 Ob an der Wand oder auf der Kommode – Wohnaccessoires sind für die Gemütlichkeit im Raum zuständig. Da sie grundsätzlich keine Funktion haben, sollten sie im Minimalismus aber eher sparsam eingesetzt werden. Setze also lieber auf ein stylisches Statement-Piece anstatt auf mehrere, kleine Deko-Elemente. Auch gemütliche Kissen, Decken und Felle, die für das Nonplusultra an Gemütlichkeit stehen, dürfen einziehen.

========================================

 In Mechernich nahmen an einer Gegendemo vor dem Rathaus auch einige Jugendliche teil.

========================================

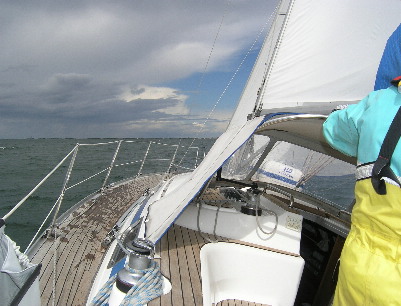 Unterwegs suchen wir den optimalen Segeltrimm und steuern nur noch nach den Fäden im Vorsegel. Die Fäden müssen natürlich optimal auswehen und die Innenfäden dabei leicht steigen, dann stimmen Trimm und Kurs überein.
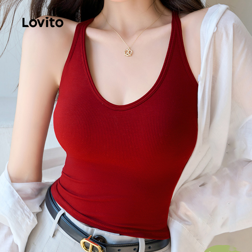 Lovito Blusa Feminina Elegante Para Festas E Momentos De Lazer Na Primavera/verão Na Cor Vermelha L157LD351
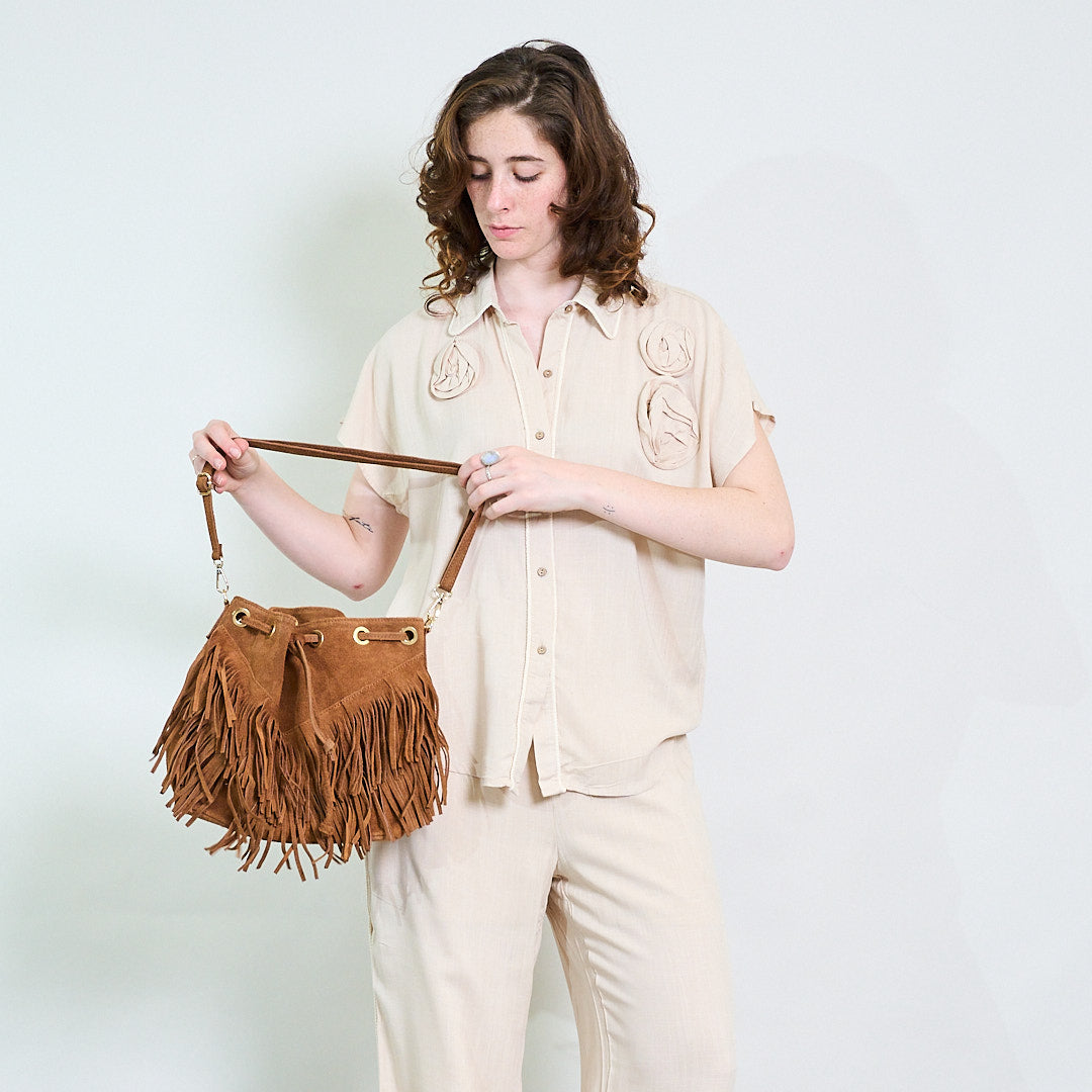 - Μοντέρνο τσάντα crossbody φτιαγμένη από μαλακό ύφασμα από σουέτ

========================================

TASK DETAILS:
Start at the line above containing "Lovito Blusa Feminina" and stop at the line containing "- Μοντέρνο τσάντα": print those lines and everything between them exactly, but not the pictures.

OUTPUT BELOW:
 Lovito Blusa Feminina Elegante Para Festas E Momentos De Lazer Na Primavera/verão Na Cor Vermelha L157LD351
 - Μοντέρνο τσάντα crossbody φτιαγμένη από μαλακό ύφασμα από σουέτ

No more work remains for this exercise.